- _TASK GOAL_: Copy out the data word for word. The images are not part of the copy.

- _RECORDED INFORMATION_:
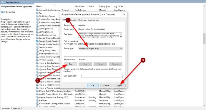 您应该检查Google Update Services(古普特和Gupdatem)被禁用。这些服务有助于自动更新Chrome浏览器。如果他们服务状态设置为停了下来和启动类型是禁用,您可能会在尝试更新Chrome浏览器时会收到错误。
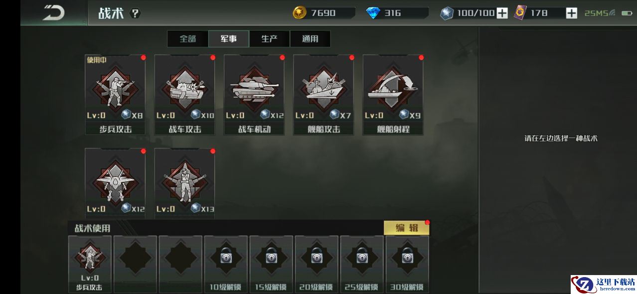 军事类战术总的来说就是提升战斗能力,其中“步兵攻击”、“战车攻击”、“舰船攻击”、“空军攻击”和“全军攻击”这五种战术直接提升单位的伤害。而“战车机动”提升战车移动速度,“舰船射程”增加舰船攻击范围。
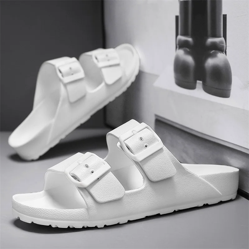 Summer Adjustable Soft Slippers for Men EVA Flat Cloud Slides Lightweight Non-slip Solid Color Beach Man Sandals Plus Size

- _WRITTEN RESPONSE_:
 您应该检查Google Update Services(古普特和Gupdatem)被禁用。这些服务有助于自动更新Chrome浏览器。如果他们服务状态设置为停了下来和启动类型是禁用,您可能会在尝试更新Chrome浏览器时会收到错误。
 军事类战术总的来说就是提升战斗能力,其中“步兵攻击”、“战车攻击”、“舰船攻击”、“空军攻击”和“全军攻击”这五种战术直接提升单位的伤害。而“战车机动”提升战车移动速度,“舰船射程”增加舰船攻击范围。
 Summer Adjustable Soft Slippers for Men EVA Flat Cloud Slides Lightweight Non-slip Solid Color Beach Man Sandals Plus Size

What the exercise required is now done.